Bubbles! now uses Google App Engine

Just for kicks I decided to port the backend services for my Google Android app, Bubbles!, to use the Google App Engine.

For those of you who don’t know Googles App Engine is a “free” application hosting environment. It promises to be able to scale Google style (as long as you pay of course).

The free account gives you 500Mb of persistent storage and bandwidth and CPU for around 5million pages views a month which is not bad for free.

Python

For some strange reason Python is the language of choice for app engine. I’ve never really taken to Python and I don’t really like languages where indentation is syntactically meaningful but it wasn’t too painful after skimming some tutorials on the web and running through the tutorial.

SDK

The SDK is only a couple of megabytes to download (you need Python 2.5 installed) and ran fine on my Windows XP desktop and Ubuntu laptop. Having said that the SDK doesn’t give you very much in the way of an IDE, it just gives you a dev web server and a tool to upload your application to the hosting platform. So I just used gedit and Notepad++ (which both have Python syntax highlighting) as my editors.

Platform Features

App Engine provides a pretty easy to use framework for building web applications in Python. The engine is WSGI compliant so you can plugin in any of the common Python frameworks such as Django, CherryPy, Pylons and web.py. Django seems to be the web app framework of choice.

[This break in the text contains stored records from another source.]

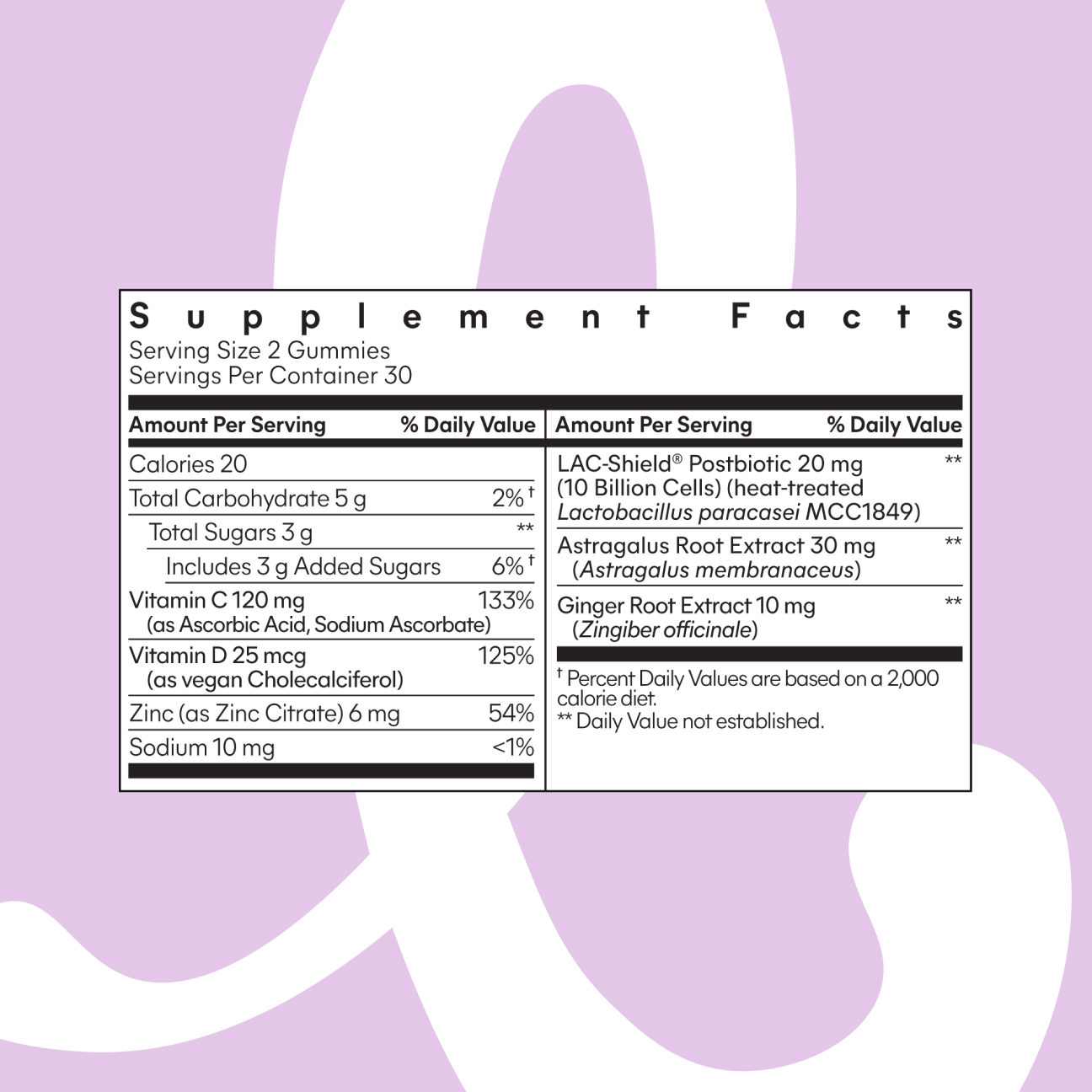 Formulated with Vitamins D3, C, Zinc, Astragalus Root & clinically-studied postbiotics to help:
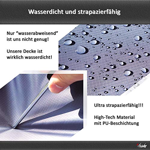? All IN ONE Decke und Regenschutz Notfall-Regencape / Geheimfach für Wertsachen – einfach umklappen und unter der Plane verstecken / 4 Sand-Taschen / 4 Eckschlaufen / 4 Heringe zum Verankern. ? WASSERFEST UND SANDABWEISEND Diese Outdoordecke lässt kein Wasser durch! Outdoor Teppich oder Reise Zubehör Gadget zum Camping als Schutzmatte, Zelt-Plane oder Tarp-Zelt - einfach abwaschbar. ? LEICHT UND KOMPAKT Für 4-6 Personen - Spieldecke für Kinder / 200 x 140 cm groß / nur 340g / Perfekt im Urlaub: Sand abschütteln, zusammenlegen und mit Tragetasche am Rucksack befestigen. ? CAMPING ZUBEHÖR Reisedecke zum Fahrrad-Fahren, als Auto Zubehör oder Sitzkissen outdoor im Park oder am Strand / Kofferraum-Matte oder Hundedecke / Als Stranddecke, Strandmatte oder Strandlaken. ?PREMIUM QUALITÄT Langlebigkeit durch erstklassige Verarbeitung und extra strapazierfähiges High-Tech Material / Einfach zu pflegen und zu reinigen - Maschinen-waschbar - Perfekt als Geschenk
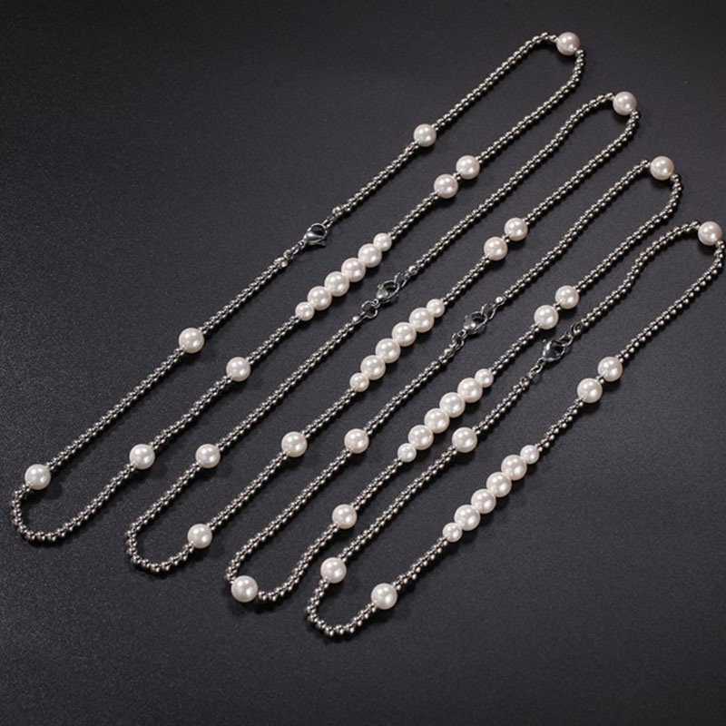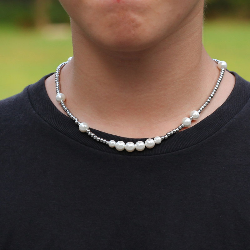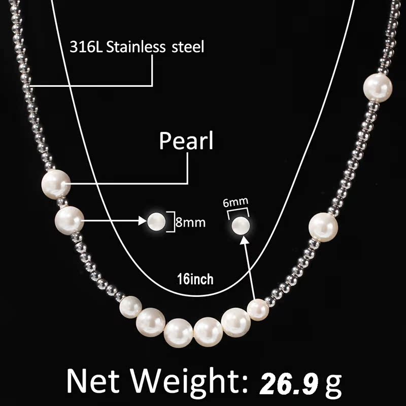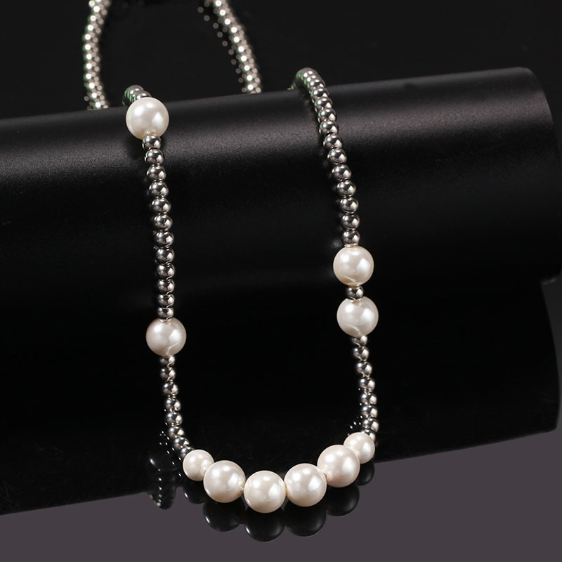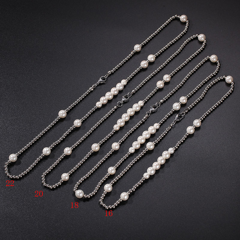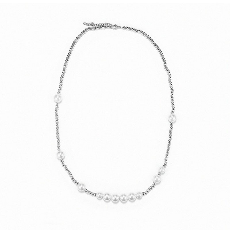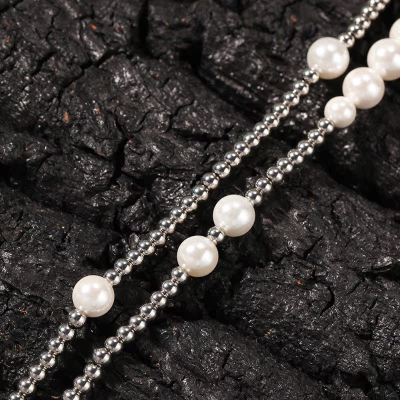 歐美時尚混搭珍珠不銹鋼球項鏈街頭嘻哈男女百搭鎖骨鏈潮人配飾
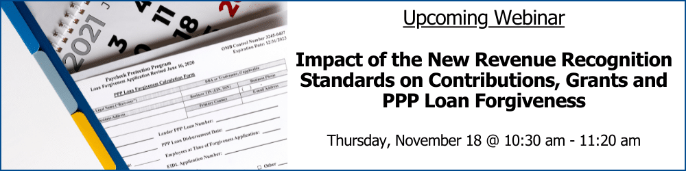 Julia Lafferty, partner and director of CBM’s not-for-profit group, and Anthony Cuozzo, senior advisor, are scheduled to present on the “Impact of the New Revenue Recognition Standards on Contributions, Grants and Paycheck Protection Program Loan Forgiveness”. Their session is scheduled virtually for the Greater Washington Society of CPAs’ Nonprofit Symposium, on Thursday, November 18 from 10:30 am to 11:20 am. Their presentation will include a review of the new revenue recognition standard, the new contribution standard for not-for-profit organizations (including the criteria for recording a conditional contribution) and conditions for recording forgiveness of a PPP loan. Julia and Anthony will also discuss how an exchange transaction differs from a contribution and the definition of “commensurate value”.

Apart from a web application framework, the engine also provides APIs for email, image manipulation, URL fetching, users and datastorage.

The Users API is pretty cool as it hooks into Google’s user accounts so anyone with a Google account can log into your application (if you want them too).

The datastore is an object based transaction engine with a SQL like syntax. On the face of it is very clean and easy to use but its here that I had the biggest headaches when porting the Bubbles! services.

Porting the services**

Bubbles! uses 3 very simple services: popin, popout and getpops (where a POP is a point of presence). These services take input parameters from the query string and return JSON response strings.

Creating a class to represent a Pop in the datastore was very simple; as was creating and deleting Pops in the datastore. The biggest issue I had here was coming up with an elegant way of validating the input parameters.

But when I came to getting things back out of the datastore things went a little pear shaped…

In my Pop class I was storing the latitude and longitude of the POP as floating point numbers. To retrieve the nearby POPs (in the getpops service) I was using a typical SQL like query as follows:

SELECT * FROM POP WHERE lat >= :1 AND lat < :2 AND lng >= :3 AND lng < :4 ORDER BY lastdatemodified

Where :1, :2, :3 and :4 were set to currentLat-0.001, currentLat+0.001, currentLng-0.001 and currentLng+0.001._

This raised the first issue: Only one “property” can have an inequality clause in a query. Turns out that the datastore has some pretty weird and wonderful restrictions, of course this particular one put a major spanner in the works.

Geohash to the rescue

What I needed was a quick way of calculating if a point in space was close to another one and to be honest the approach I was never happy with the approach I used above because it found points in rectangular area not a circular one.

After a little bit of research (I love the web), I came across this concept: the Geohash.

This cool (public domain) algorithm takes a decimal lat/long and turns it into a string. For instance

-36.843480 174.767138

Becomes:

rckq2uve1mx3

Not only does this give you something that you can stick on a #aliases: http://geohash.org/rckq2uve1mx3 but more importantly for points near to each other the first few characters of the hash are the same !

-36.843480 174.767138 = rckq2uve1mx3 -36.844381 174.765611 = rckq2usmvvsd -36.848508 174.765451 = rckq2gumfhjr -36.848457 174.748261 = rckq27zy1tg8

So the solution to my problem turns out to be remarkably easy:

When creating or updating a POP I calculate the Geohash for the longitude and latitude of the POP. I take only the first 6 characters and store them with the POP
When processing getpops, I calculate the Geohash for the current latitude/location, grab the first 6 characters and find any pops in the datastore that have the same stored Geohash.

My select statement is now a simple equals and runs far faster then my original implementation.

Summary

Overall Google App Engine is an interesting platform and baring some quirks it does appear to be a viable platform for building web applications on.